# BMW NBT Evo - Coding Problem! PLS HELP NO SIGNAL



## mlodysxf (Oct 6, 2016)

Hello, I have a problem with
BMW M4 navigation NBT EVO, after encoding EsysPlus, the screen shows the message "no signal", the unit no longer CAFD position. I tried to "detect CAFD SWE" detects correct but ends with an error:



> Caf's suchen
> Tal wird generiert
> Abarbeitung wird gestartet
> 
> ...


I tried later NBT coding by ISTAP but "FinishedWithError" Rheingold shows errors:
026308 - HU-H No current coding data stored
02630A - HU-H Coding data not enabled
B7F87F - HU-H encoding fault
B7F880 - HU-H encoding fault
B7F8C3 - Conection, headunit to CID
E14600 - TCB: Ethernet: Unexpected communication termination.

Please help, thanks


----------



## shawnsheridan (Jan 10, 2009)

Not good. Why do you use Chinese EsysPlus instead of E-Sys launcher? When you read SVT in E-Sys, does NBT2 have CAFD or is it missing?


----------



## larry_bml (Jan 15, 2011)

Also your FA is bad for CODE that EVO. Try changing FA options and is after CODE , CAFD is loaded but still NO SIGNAL, then edit CAFD and play a little with APX functions. You will get screen back on. Good luck.


----------



## mlodysxf (Oct 6, 2016)

shawnsheridan said:


> Not good.

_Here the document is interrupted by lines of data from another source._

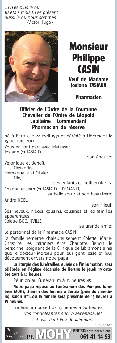 Décédé à Libramont (6800) le dimanche 15 octobre 2017 à l'âge de 86 ans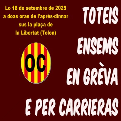 La section « pays toulonnais » du Partit Occitan appelle les salarié·es, les agent·es de la fonction publique, les jeunes et les retraité·es à se mobiliser massivement le 2 octobre 2025 contre la précarité et pour une plus juste répartition des richesses. Manifestation à Toulon : […] Continuer de lire Toutes & tous dans la rue le 2 octobre à Toulon !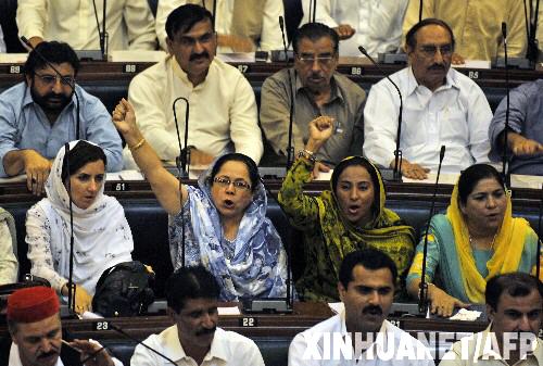 8月13日,巴基斯坦信德省的议员们在首府卡拉奇参加一次议会会议时高呼反对总统穆沙拉夫的口号。信德省议会当日通过一项议案,要求总统穆沙拉夫寻求信任投票。这是继旁遮普省议会、西北边境省议会之后第三个通过类似议案的省议会。 新华社/法新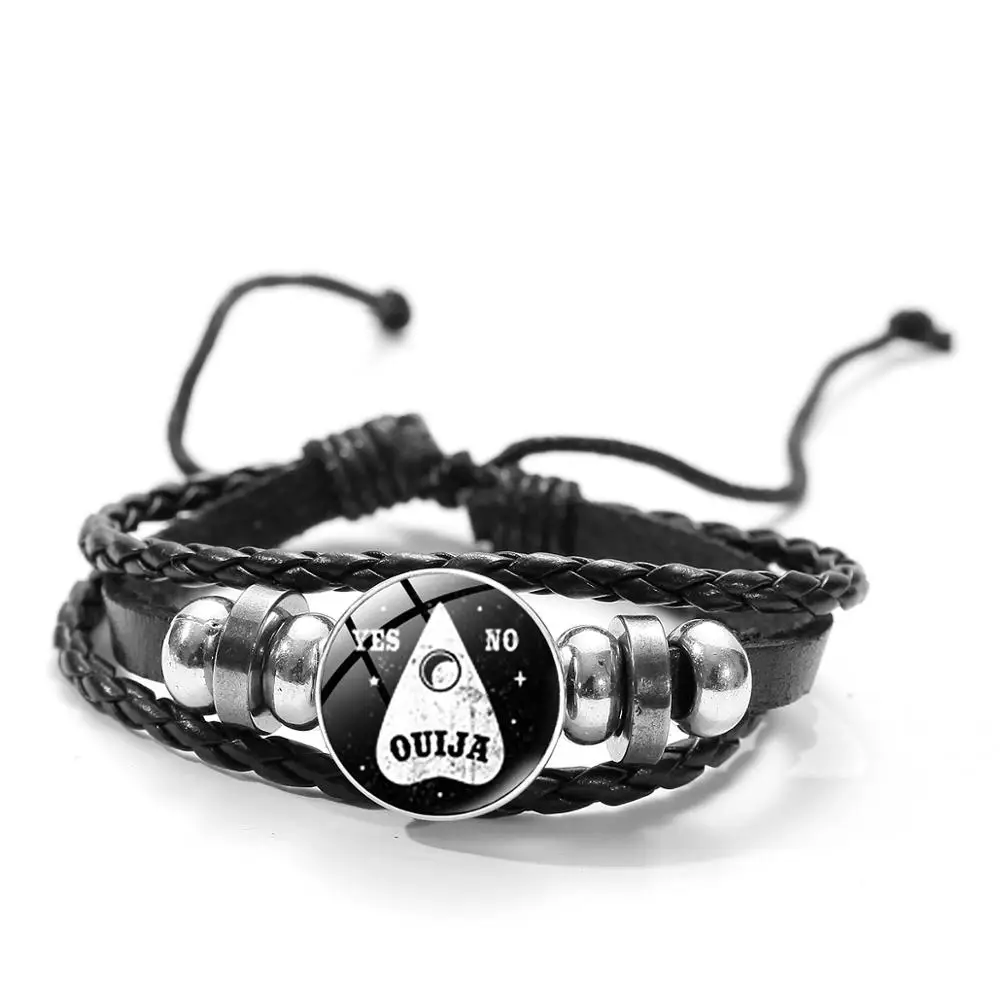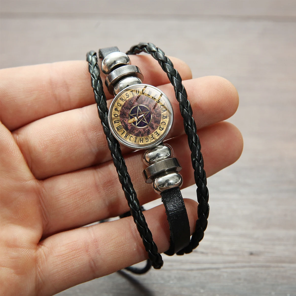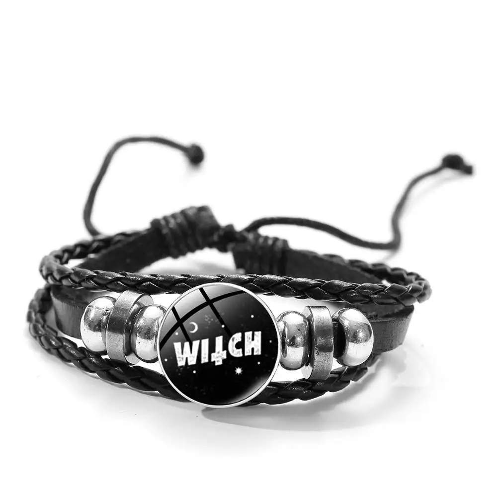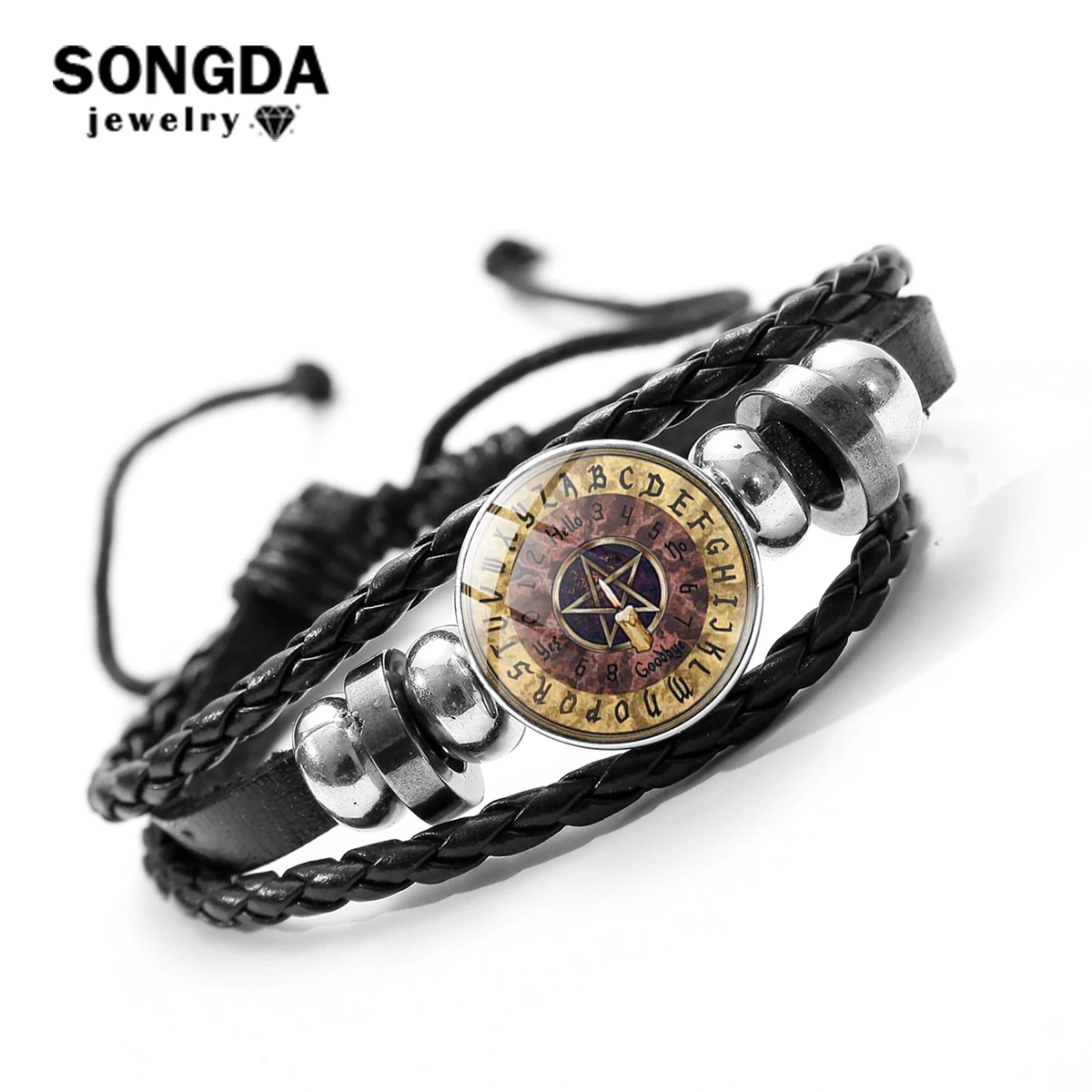 Женский кожаный браслет SONGDA Magic Witchcraft с пентаграммой, готический браслет с ведьмой, котом, черепом, темным узором, стеклянным кабошоном, застежкой-кнопкой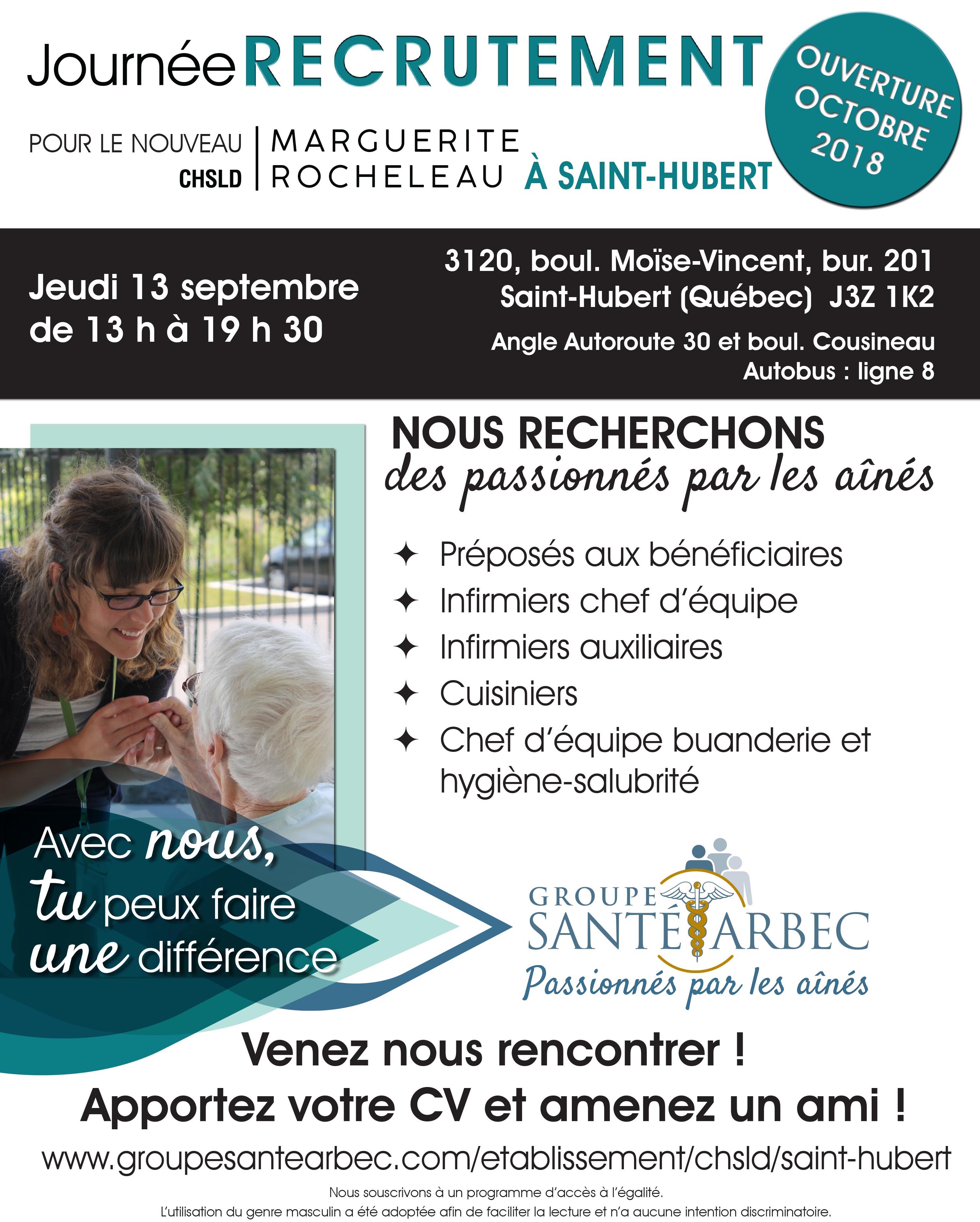 Le CHSLD Marguerite-Rocheleau fera une journée de recrutement le 13 septembre prochain, de 13h00 à 19h30.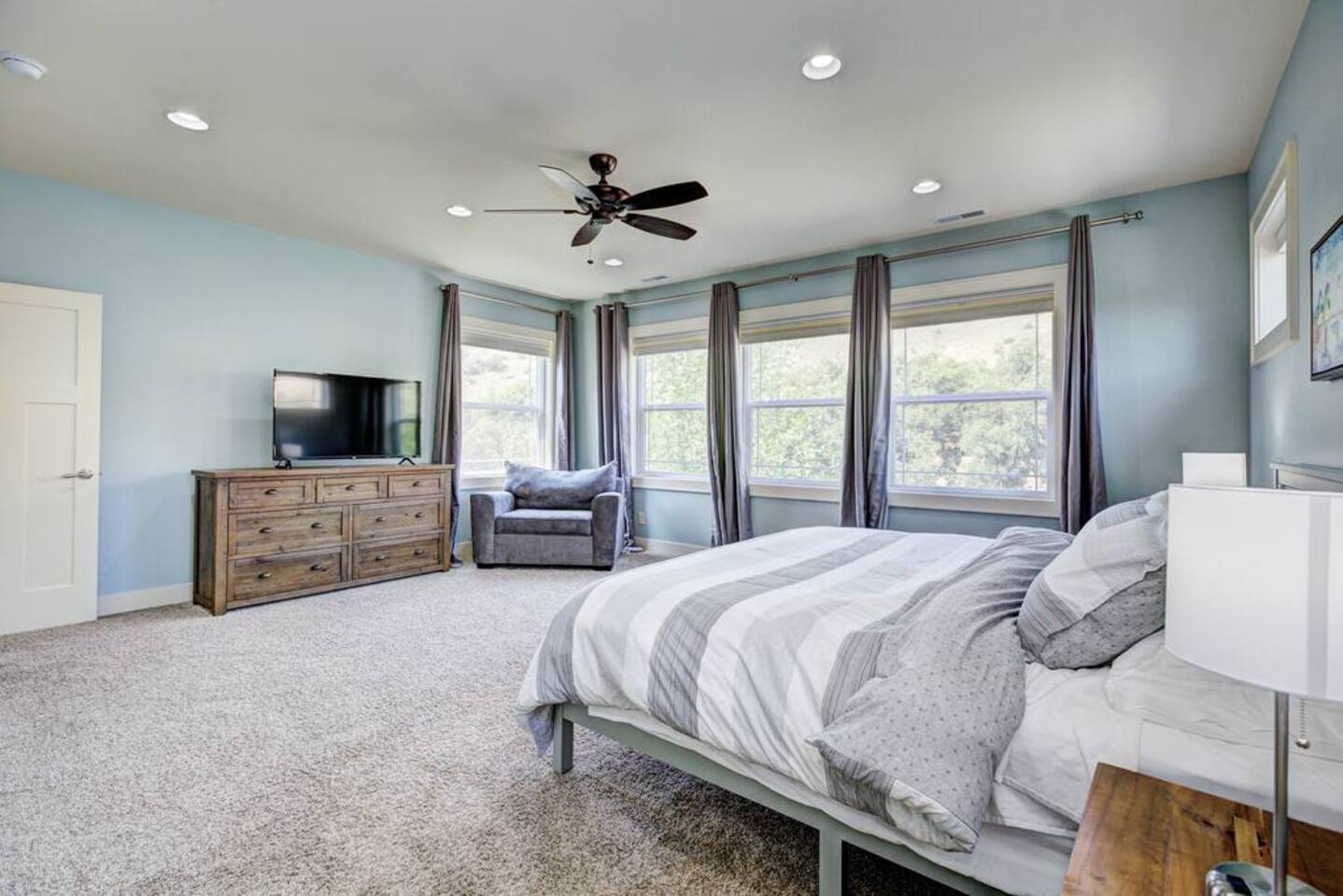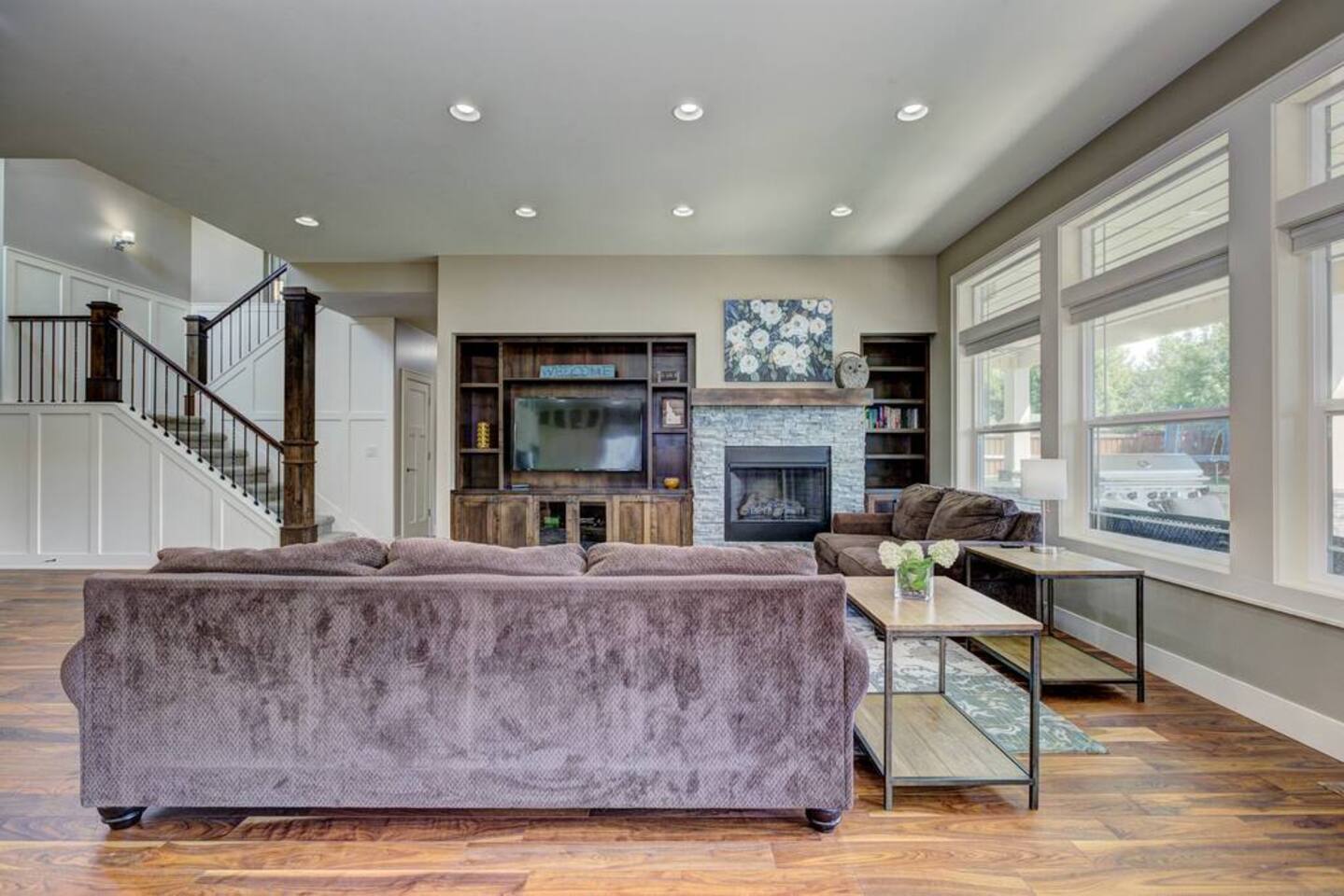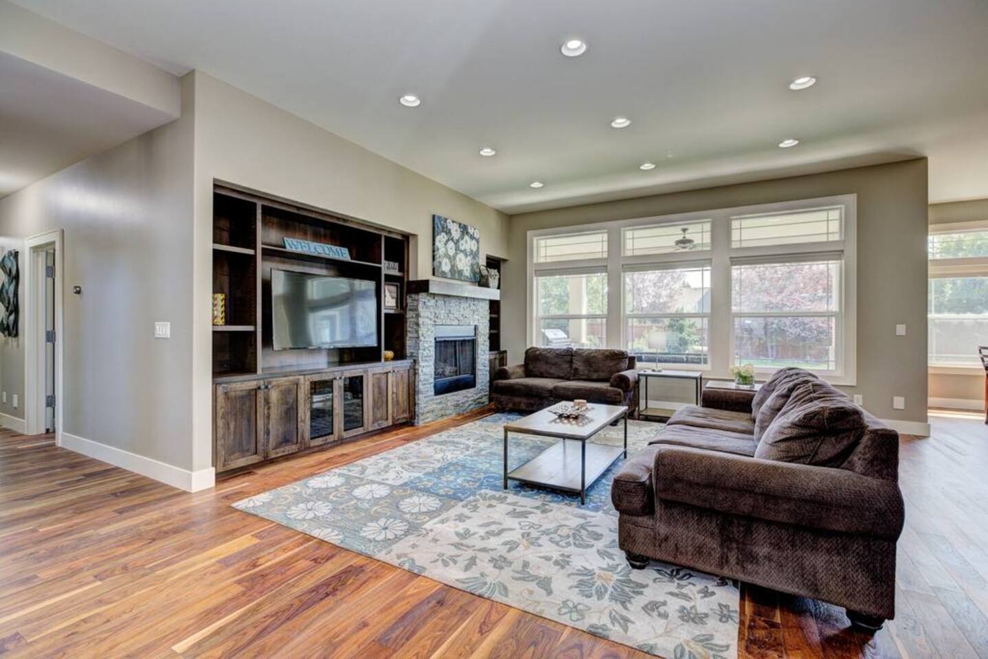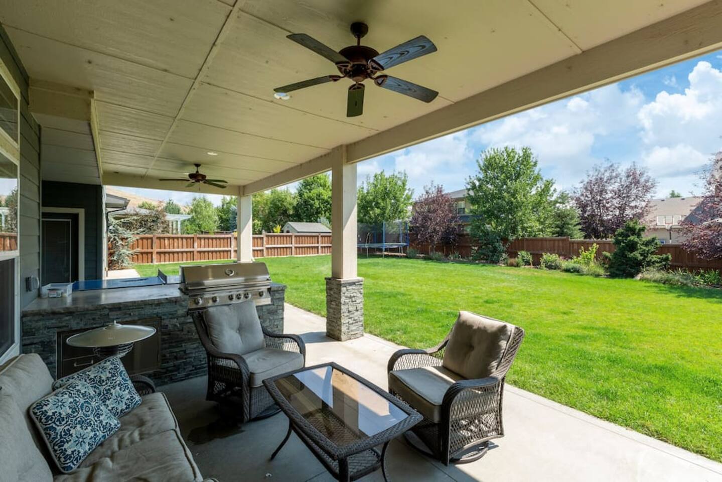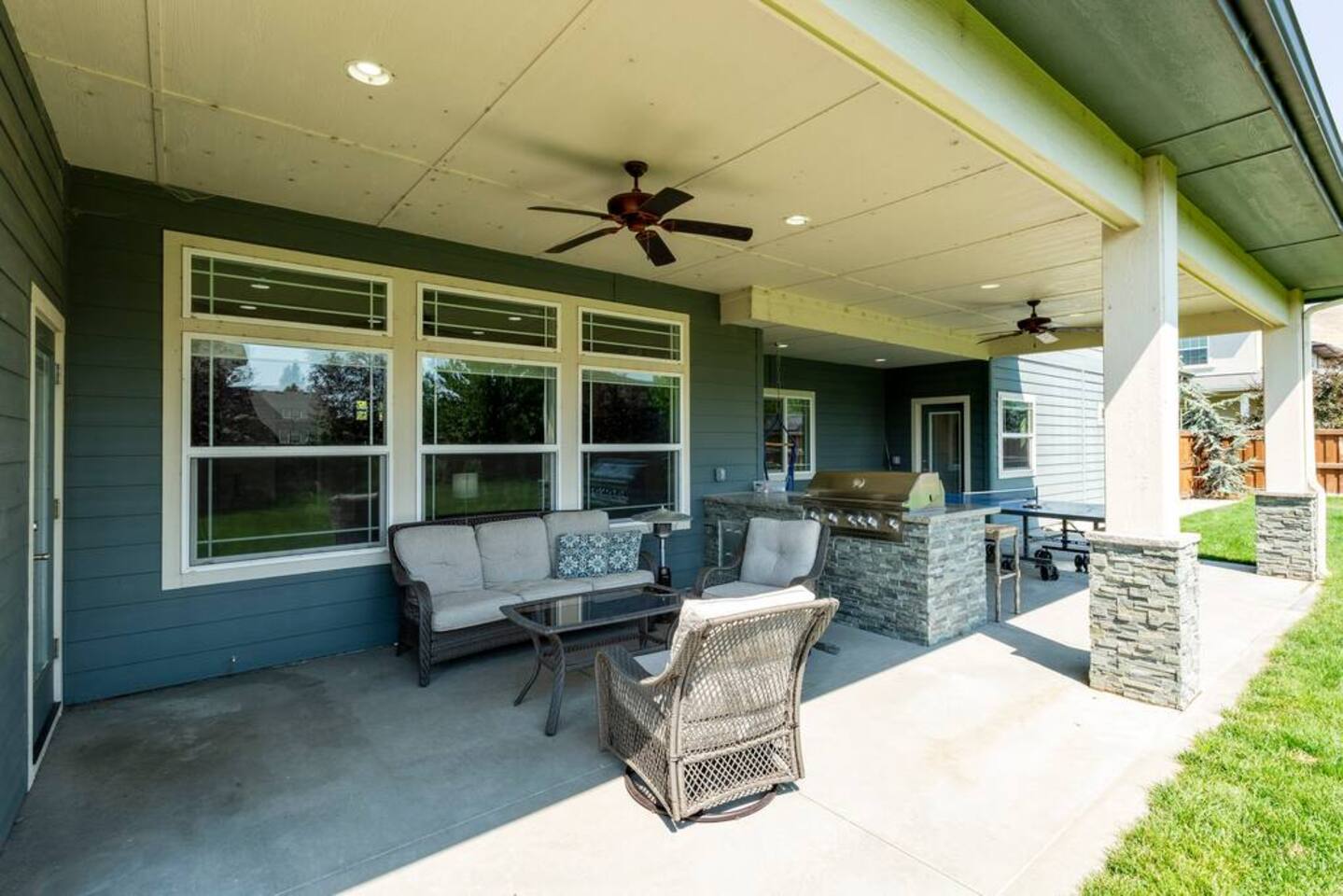 There isn't another Harris Ranch home like this available for your family vacation or company retreat. Situated at the base of the Boise Foothills, this beautiful home is the right size for your family to relax, unwind, and to find some solitude. Watch a movie in the theater room, grill on the covered patio with a built-in natural gas barbecue, play a game of ping-pong, or hop around on the trampoline. During summer months, you're also welcome to take a dip in the community pool!

Why do you use Chinese EsysPlus instead of E-Sys launcher? When you read SVT in E-Sys, does NBT2 have CAFD or is it missing?


after read SVT nbt2 dont have CAFD



larry_bml said:


> Also your FA is bad for CODE that EVO. Try changing FA options and is after CODE , CAFD is loaded but still NO SIGNAL, then edit CAFD and play a little with APX functions. You will get screen back on. Good luck.


FA is oryginal from this car, NBT2 is not retrofit.

Problem SOLVED, but i do not know how.. help another user.


----------



## R80GJ (Sep 17, 2017)

How did you solve this? Friends idrive has the same issue


----------



## shawnsheridan (Jan 10, 2009)

R80GJ said:


> How did you solve this? Friends idrive has the same issue


Same issue as in No Signal is displayed? 

What Head Unit? EVO? 

Factory installed or Retrofitted?


----------



## R80GJ (Sep 17, 2017)

Same issue. Id4 evo, factory installed. Won't code when injecting cafd


----------



## shawnsheridan (Jan 10, 2009)

R80GJ said:


> Same issue. Id4 evo, factory installed. Won't code when injecting cafd


Factory installed NBT2 should VO Code so long as FA is original and unmodified. If you cant get CAFD Injection / VO Coding to work, you need to flash NBT2.


----------



## [email protected] (Mar 10, 2016)

R80GJ said:


> Same issue. Id4 evo, factory installed. Won't code when injecting cafd


What has required you to inject cafd on your factory iD4 EVO, curious?

does it begin with Bimmer and end in Code?


----------



## R80GJ (Sep 17, 2017)

Yup the all mighty bimmercode that all the pros use


----------